What the task requires: The task for the listing below is to write out exactly the lines starting at the one containing "Sau ba tháng" and ending at the one containing "2025春季 白色蕾丝屁帘女系带甜美半身裙百搭围裙罩裙 小众设计韩版", both included. Pictures are to be omitted.

Supplied entries:
- - -

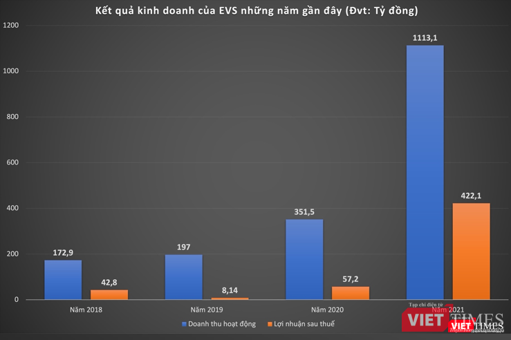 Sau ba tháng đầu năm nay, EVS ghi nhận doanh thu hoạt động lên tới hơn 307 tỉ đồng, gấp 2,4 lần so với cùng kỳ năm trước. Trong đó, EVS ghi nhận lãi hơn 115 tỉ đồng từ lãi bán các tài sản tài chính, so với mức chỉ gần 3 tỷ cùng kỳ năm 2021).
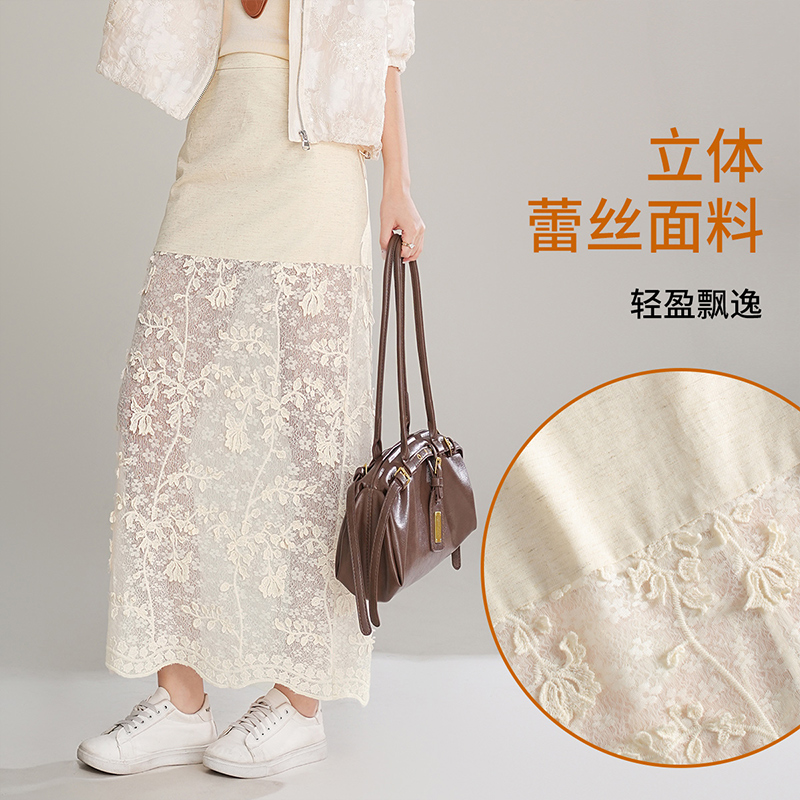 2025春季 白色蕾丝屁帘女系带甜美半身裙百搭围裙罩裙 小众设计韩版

- - -

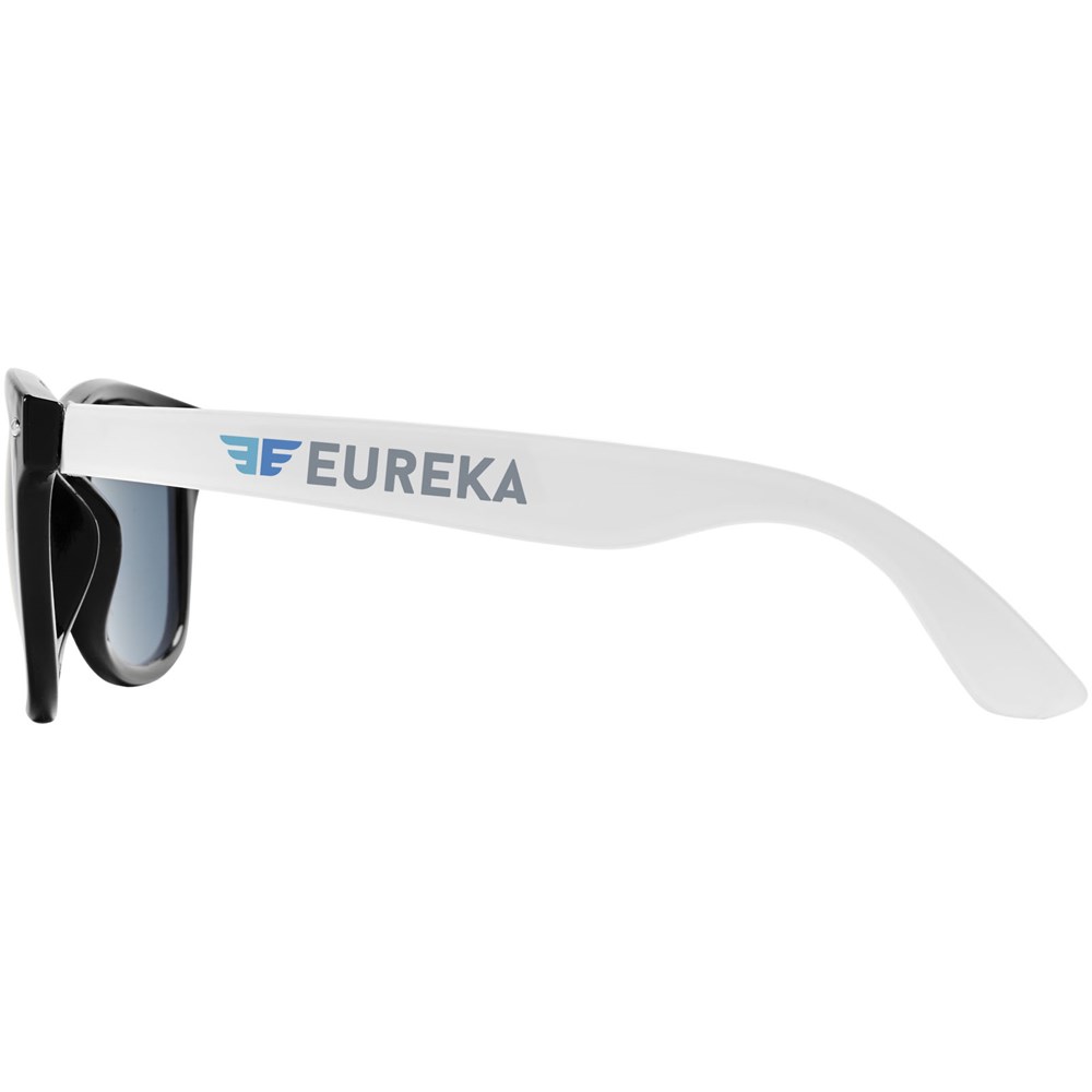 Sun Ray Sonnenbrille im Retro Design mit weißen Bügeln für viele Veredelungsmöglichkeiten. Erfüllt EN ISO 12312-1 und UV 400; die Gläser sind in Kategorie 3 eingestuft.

- - -

Exercise solution:
 Sau ba tháng đầu năm nay, EVS ghi nhận doanh thu hoạt động lên tới hơn 307 tỉ đồng, gấp 2,4 lần so với cùng kỳ năm trước. Trong đó, EVS ghi nhận lãi hơn 115 tỉ đồng từ lãi bán các tài sản tài chính, so với mức chỉ gần 3 tỷ cùng kỳ năm 2021).
 2025春季 白色蕾丝屁帘女系带甜美半身裙百搭围裙罩裙 小众设计韩版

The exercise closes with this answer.